The conversation around this poster was reflective of the tone of the event, which did not focus purely on the successes or failures of men’s involvement in the movement to end violence against women, but on the contradictions and lessons that can be learned about masculinity, race, and the institutionalization of the movement to end violence against women. The “Strength is Not for Hurting” campaign represents, to varying degrees, the state of men’s involvement (or attempts to involve men) in the movement: a depoliticized (read: distanced from feminism), sanitized (read: not messing with a gender hierarchy or questioning masculinity), professionalized and institutionalized effort that targets individual men, but is not critical of masculinity or patriarchy and the way they shape institutions and their logics. It stands in stark contrast with MasculinUT, which is a project headed by Voices Against Violence of the Counseling and Mental Health Center. MasculinUT aims to transform taken-for-granted understandings of masculinity on campus, and promote healthy models of masculinity with the ultimate goal of preventing interpersonal, relationship, and sexual violence on campus. The conversation over the poster and the history of men’s involvement in ending violence against women went in many directions that problematized taken for granted ideas about gender, race, and violence. Though not all questions were answered, the fact that we can have a complex conversation says a lot about the direction that anti-violence work can positively go in.

Messner’s co-authored book analyzes men’s involvement in the movement to end violence against women from the 1970s to the present, separating the men into different cohorts. As Patel summarized during the event, Messner explains that in the 1970s some men listened to and collaborated with women who were leaders in the feminist movement, creating coalitions with them to redefine masculinity and fight for gender equality by reaching out to young men. Messner calls these men the “movement cohort.” Patel noted that a key difference between men in the 1970s and young men today was the use of political labels to identify themselves in the 70s, compared to almost a phobia of labels nowadays. The “bridge cohort” is what Messner terms the men who worked in anti-violence programs and institutions with anti-violence policies during 1980s and 1990s; Patel found this part of the book relevant to him as a student in an institution that has to follow laws and policies to prevent violence against women. Patel saw the institutionalization of anti-violence programs (in universities and the military, for example) as the success of feminism, and observed that coalition building means that allies must listen to movement leaders. He also highlighted how the book respects and centers the work of women, without which men who do anti-violence work could not operate.

The final group that Messner’s book discusses is the “professional cohort.” This cohort of men is the most diverse racially and economically; this is partly the result of anti-violence programs targeting communities of color and needing to recruit young men of color that their target audience can relate to. It is also a cohort distant from political discourses, as they do not identify with feminism for the most part, and work under a public health and social work umbrella to justify their involvement in anti-violence programs. In this vein, Patel’s questions focused on what students can do now to build on the opportunities afforded to them by feminist work and continue building coalitions that recognize how gender violence is not independent from racial violence and class violence, among other types of violence experienced by students.

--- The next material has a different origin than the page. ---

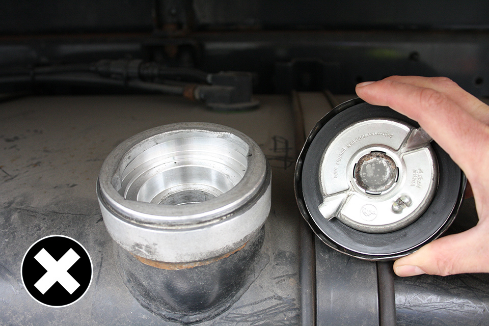 The above image shows a fuel tank cap that isn’t tethered, which isn’t allowed.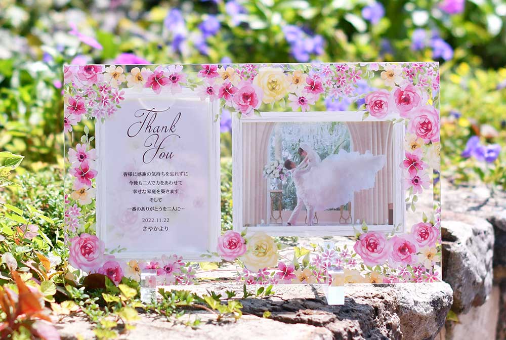 春らしいカラーのお花やボタニカルのデザイン入りのギフトアイテムは人気アイテム!中でもガラスやアクリルのような「クリア素材」との組み合わせは、全体に軽やかさと抜け感がプラスされて、一気に明るい印象に。春婚らしいアイテムを選ぶことで、ご自宅でご両親がそれを目にするたび、当日の雰囲気や様子を思い返すことができます。

One of VAV's new posters for the "Yes means Yes" campaign.
One of VAV’s new posters for the “Yes means Yes” campaign.

After reflecting on Patel’s comments and Messner’s responses, I see that MasculinUT is a mixture of both “new” and “not so new” ideas. Mesnner shared that in the 1970s, men had a vested interest in changing the definition of “manhood” to humanize men and fight against unquestioned gender assumptions (which society ascribes to boys and men) such as men’s aggressiveness, lack of emotions, and violent tendencies. Like Messner’s early experiences in the feminist movement, one of the goals of MasculinUT is to promote healthy models of masculinities that would afford young men on our campus a better quality of life by improving relationships, reducing violence (against women and among men), and improving men’s mental and physical health by encouraging the exploration of different emotions and interpersonal skills often thought of as feminine.

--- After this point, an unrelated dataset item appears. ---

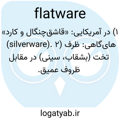 ۱) در آمریکایی: «قاشق‌چنگال و کارد» (silverware). ۲) گاهی: ظرف‌های تخت (بشقاب، سینی) در مقابل ظروف عمیق.

However, as Christine Williams pointed out during the panel, recent efforts by some men’s groups who stand against violence often reify the gender hierarchy by positioning men as subjects who have to be responsible for their male power, and women as objects to be protected. After showing the posters mentioned at the beginning of this post, she congratulated Messner on how the book operates with a framework that does not glorify or put down men’s efforts, but rather works to understand contradictions and tensions that arise out of men’s involvement in the movement to end violence against women. One of her most critical questions had to do with how much emphasis Messner puts on education programs to reduce violence, and whether or not education is a true site of transformation for masculinity. To this, Messner responded that education by itself is not an answer, and indeed it is wrought with problematic messages that rest on a gender binary and hierarchy. However, he pointed out that the book contains examples of men using educational and promotional materials as tools to start a conversation that is relevant to men’s lives. Moreover, he emphasized that the book also explores what it takes for men to get interested in the movement to end violence against women, and how much effort they have to put in to make it their career. By emphasizing this, he is not trying to glorify the men (who often are praised just for showing up to anti-violence programs), yet also not dismiss the complicated, contradictory, and often difficult work they engage in.

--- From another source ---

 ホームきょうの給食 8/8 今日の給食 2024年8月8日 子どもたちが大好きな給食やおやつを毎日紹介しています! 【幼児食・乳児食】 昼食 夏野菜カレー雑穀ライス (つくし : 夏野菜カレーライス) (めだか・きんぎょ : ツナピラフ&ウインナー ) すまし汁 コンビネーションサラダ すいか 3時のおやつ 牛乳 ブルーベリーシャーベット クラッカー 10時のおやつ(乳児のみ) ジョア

Professor Ben Carrington also highlighted parts of the book that discussed how anti-violence PR work is limited when the movement to end violence against women is institutionalized. Carrington reflected on how, as universities, non-profits, health organizations, and other institutions develop anti-violence policies and work to reduce gender violence, they often ignore how to transform powerful entities (such as athletics departments) and become complicit in the perpetuation of violence. Moreover, Carrington mentioned that the problem is individualized, as it is not seen as a cultural or structural problem, but a problem of individual men. Often, the men who represent violence in the eyes of the institution tend to be men of color, who become scapegoats that ultimately allow for assumptions of masculinity within the institutions to resist transformation. Carrington ended with a question about the limits of Messner’s definition of the “field” of men’s involvement in the movement to end violence against women, particularly how limiting the genealogy of anti-violence work from the 1970s to today leaves out important contributions of women of color that span hundreds of years of work against the violence of European colonists, slave-owners, and other powerful entities. If these were to be included, asked Dr. Carrington, is a white, liberal, feminist framework still relevant?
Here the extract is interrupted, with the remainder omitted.